Records from a collection:
⟨
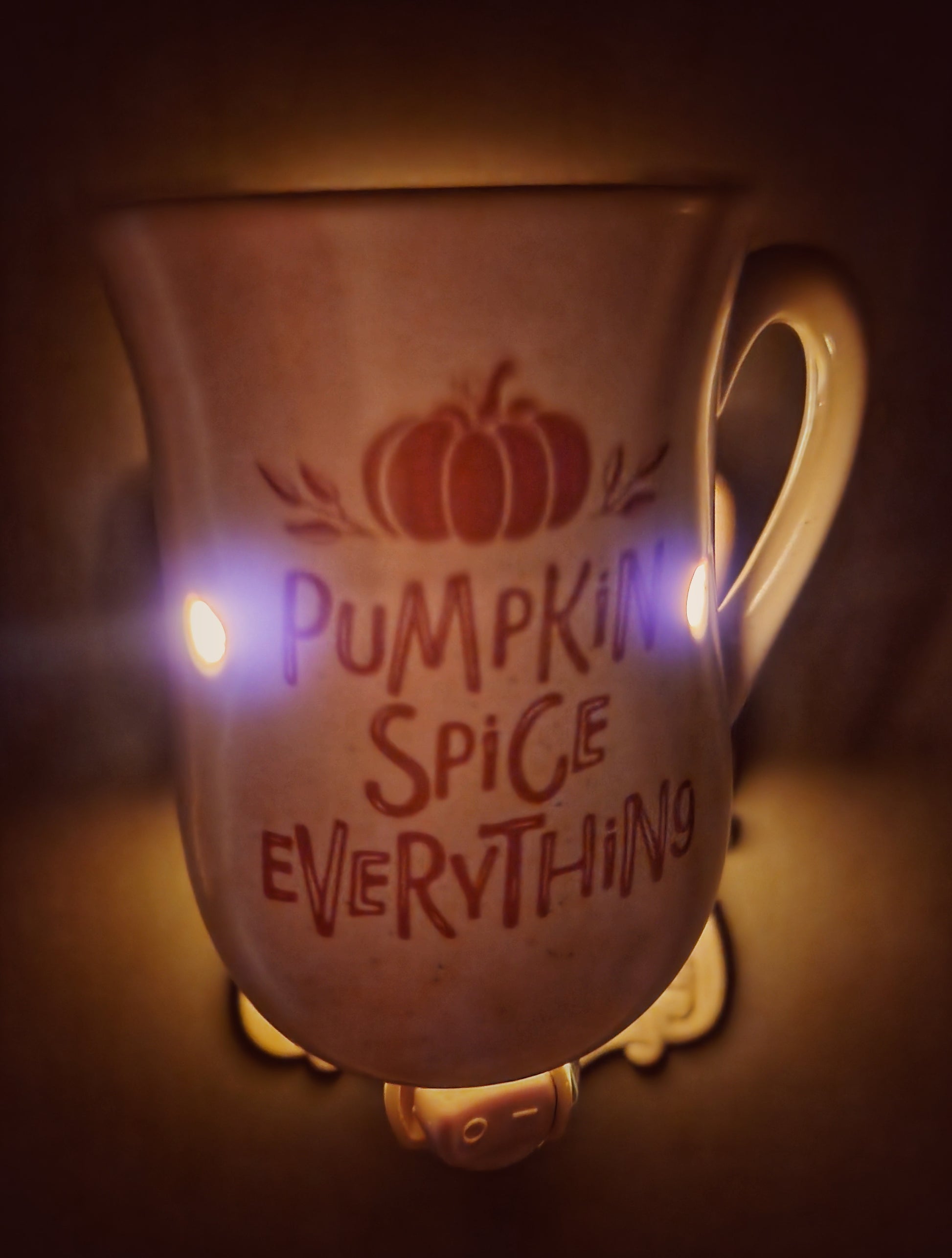 - DESIGN: Bring cozy fall vibes to any room with the Pumpkin Spice Pluggable Fragrance Warmer, a cozy fall essential. Styled like a cream colored coffee mug with “Pumpkin Spice Everything” printed on the side. This warmer effortlessly fills small spaces with your favorite scents, adding autumnal flair and ambiance to your home décor.
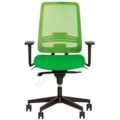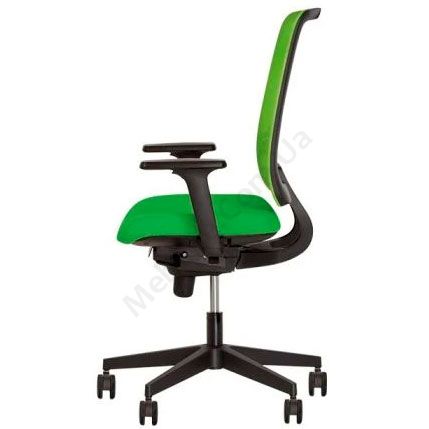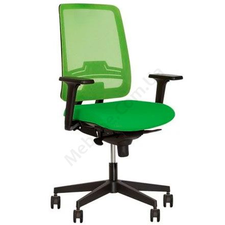 Операторське крісло з з вільним гойданням, регульованими підлокітниками з м’якими накладками, сітчастою спинкою, на пластиковій основі.
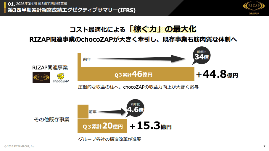 このようにRIZAPの営業利益が前年同期比+72億円(約15倍)に伸長している主因は、chocoZAPの急拡大と既存事業の収益改善が同時に進んだことにあります。
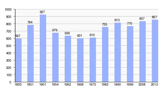 Los datos demográficos contemplados en este gráfico de la comuna de Langon-sur-Cher[4] se han cogido de 1800 a 1999 de la página francesa EHESS/Cassini, y los demás datos de la página del INSEE.[5]
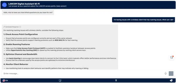 Możesz zadawać pytania dotyczące bezpieczeństwa sieci, bezpieczeństwa IT, zapór LANCOM R&S Unified Firewalls, punktów dostępowych, kontrolerów WLAN, projektowania sieci Wi-Fi, rozwiązywania problemów, a także routerów i bram SD-WAN. Chatbot korzysta z ogromnej bazy wiedzy LANCOM Knowledge Base – zawierającej artykuły wsparcia, przewodniki troubleshootingowe i wiele więcej.
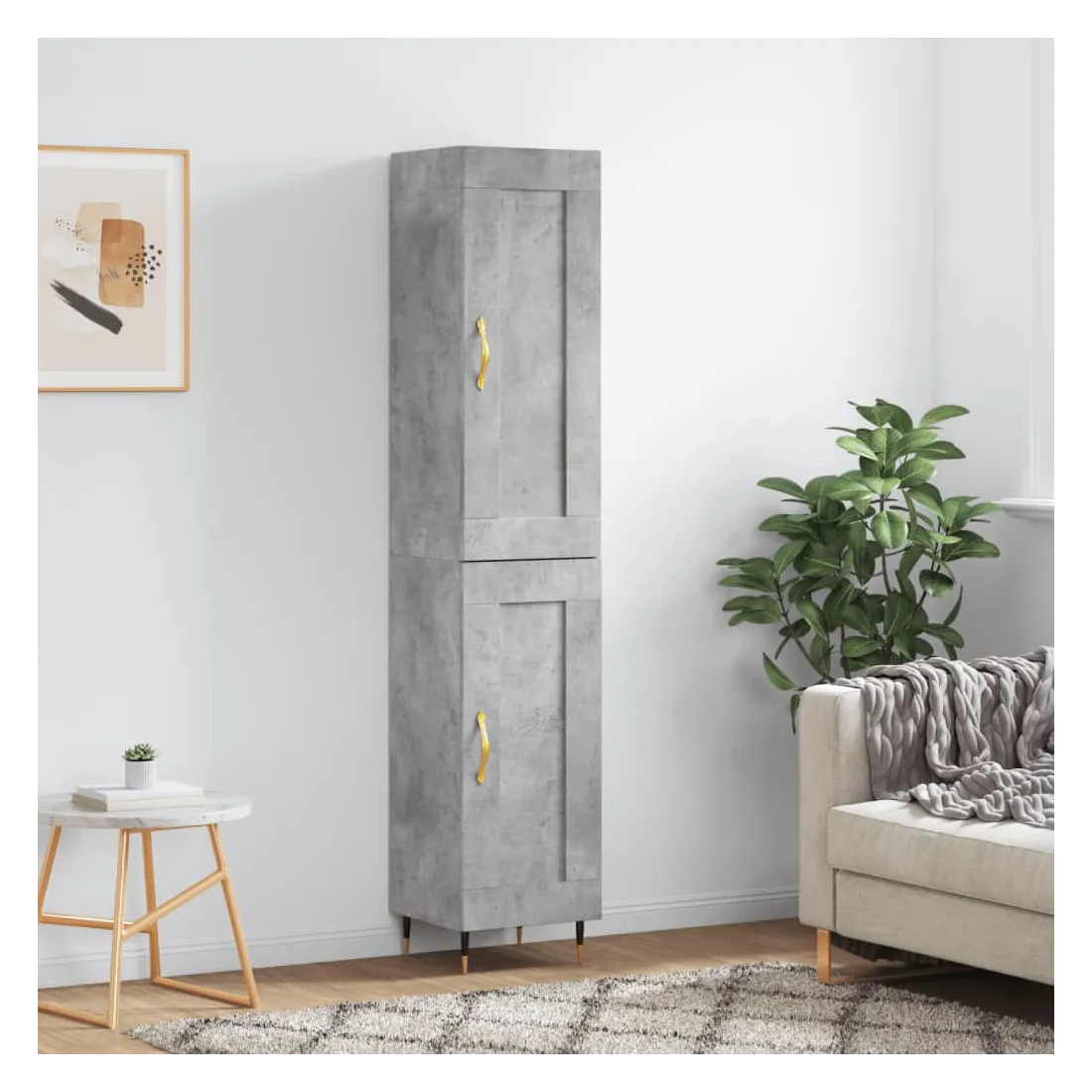 Buffet haut Gris béton 34,5x34x180 cm Bois d'ingénierie
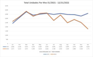 Bienes Raíces PR; Total de Unidades De Compraventas Año 2021 y 2022
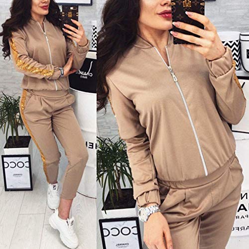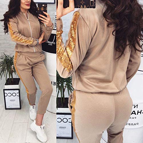 Yying Juego de Chándal con Brillo para Mujer Conjunto de Dos Piezas de Otoño Conjunto de Top y Pantalones Conjunto de 2 Piezas Trajes de Mujer Ropa Deportiva para Mujer Chándales
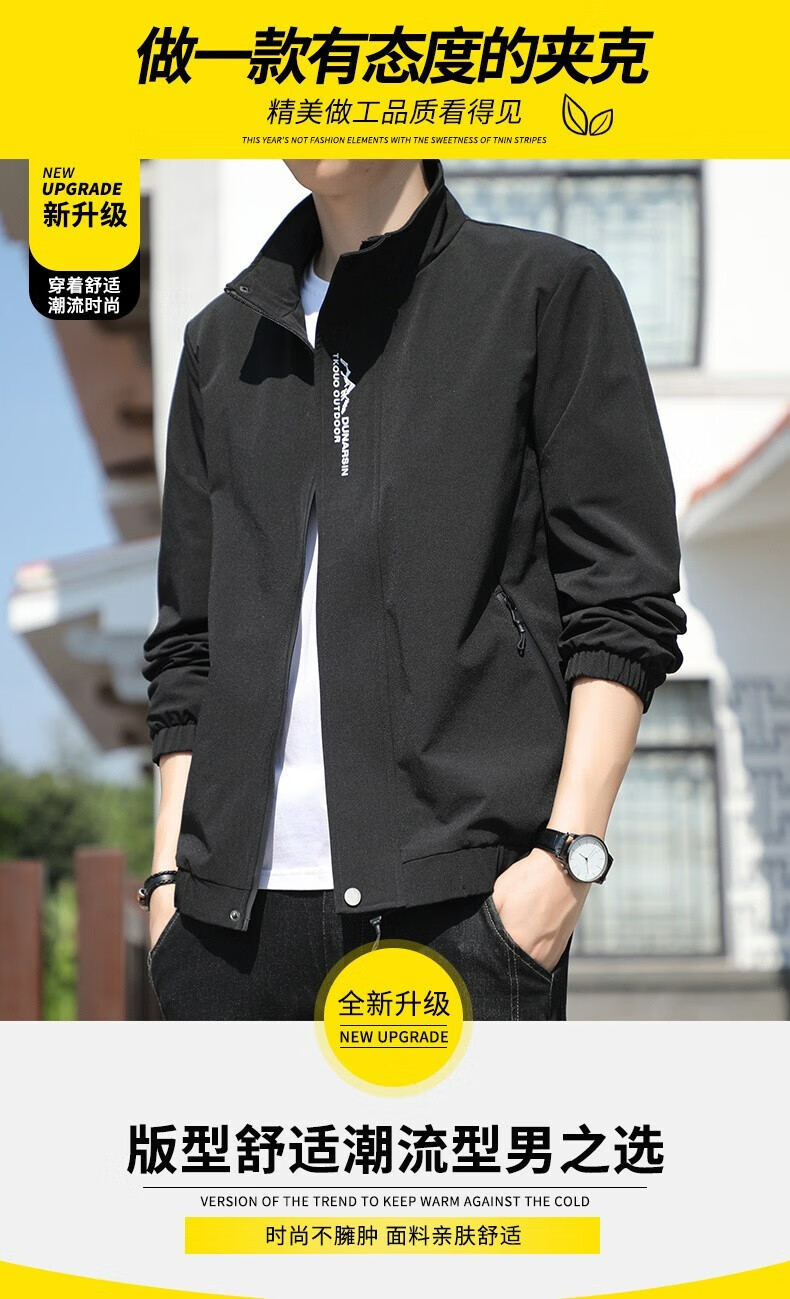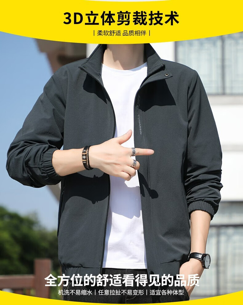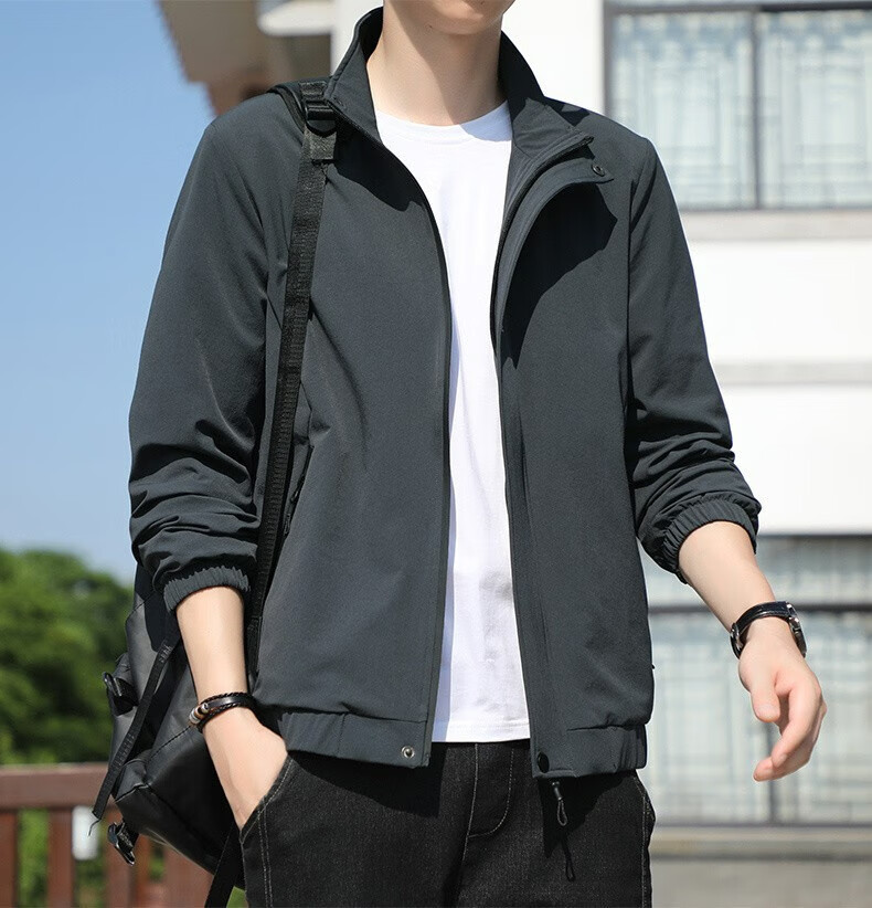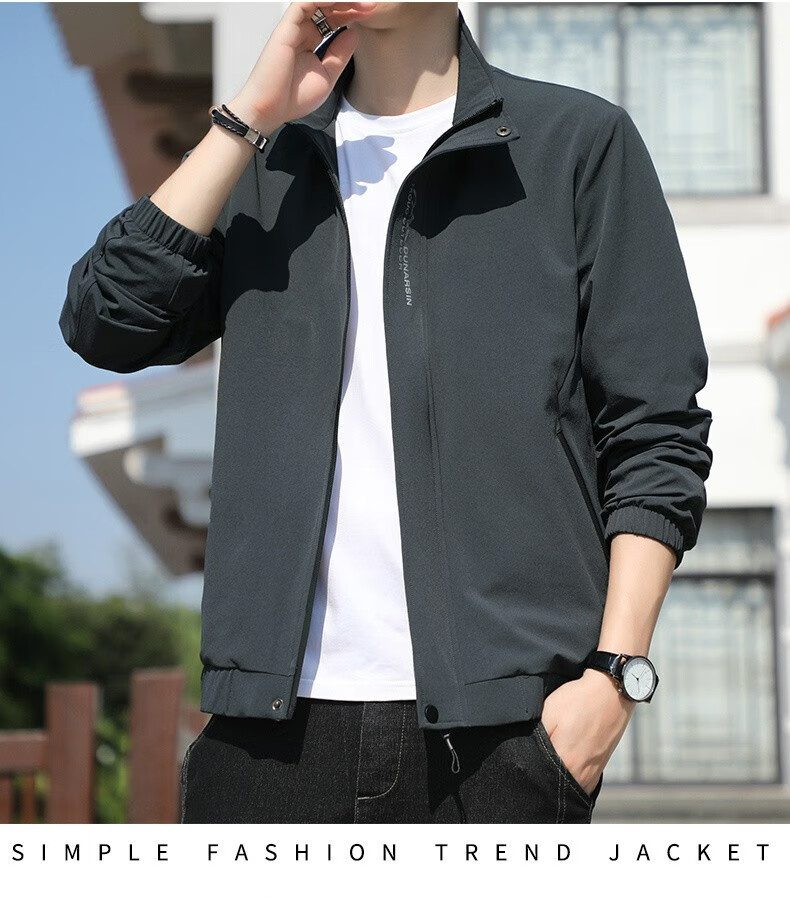 Woodpecker Jacket Men's Jacket Tops Men's Spring and Autumn New Business Casual Men's Wear Young and Middle-aged Stand-up Collar Jacket Clothes 9980 Dark Gray XL
⟩
Work instructions: All of the lines above should be copied exactly, apart from the pictures.

Solution:
 - DESIGN: Bring cozy fall vibes to any room with the Pumpkin Spice Pluggable Fragrance Warmer, a cozy fall essential. Styled like a cream colored coffee mug with “Pumpkin Spice Everything” printed on the side. This warmer effortlessly fills small spaces with your favorite scents, adding autumnal flair and ambiance to your home décor.
 Операторське крісло з з вільним гойданням, регульованими підлокітниками з м’якими накладками, сітчастою спинкою, на пластиковій основі.
 このようにRIZAPの営業利益が前年同期比+72億円(約15倍)に伸長している主因は、chocoZAPの急拡大と既存事業の収益改善が同時に進んだことにあります。
 Los datos demográficos contemplados en este gráfico de la comuna de Langon-sur-Cher[4] se han cogido de 1800 a 1999 de la página francesa EHESS/Cassini, y los demás datos de la página del INSEE.[5]
 Możesz zadawać pytania dotyczące bezpieczeństwa sieci, bezpieczeństwa IT, zapór LANCOM R&S Unified Firewalls, punktów dostępowych, kontrolerów WLAN, projektowania sieci Wi-Fi, rozwiązywania problemów, a także routerów i bram SD-WAN. Chatbot korzysta z ogromnej bazy wiedzy LANCOM Knowledge Base – zawierającej artykuły wsparcia, przewodniki troubleshootingowe i wiele więcej.
 Buffet haut Gris béton 34,5x34x180 cm Bois d'ingénierie
 Bienes Raíces PR; Total de Unidades De Compraventas Año 2021 y 2022
 Yying Juego de Chándal con Brillo para Mujer Conjunto de Dos Piezas de Otoño Conjunto de Top y Pantalones Conjunto de 2 Piezas Trajes de Mujer Ropa Deportiva para Mujer Chándales
 Woodpecker Jacket Men's Jacket Tops Men's Spring and Autumn New Business Casual Men's Wear Young and Middle-aged Stand-up Collar Jacket Clothes 9980 Dark Gray XL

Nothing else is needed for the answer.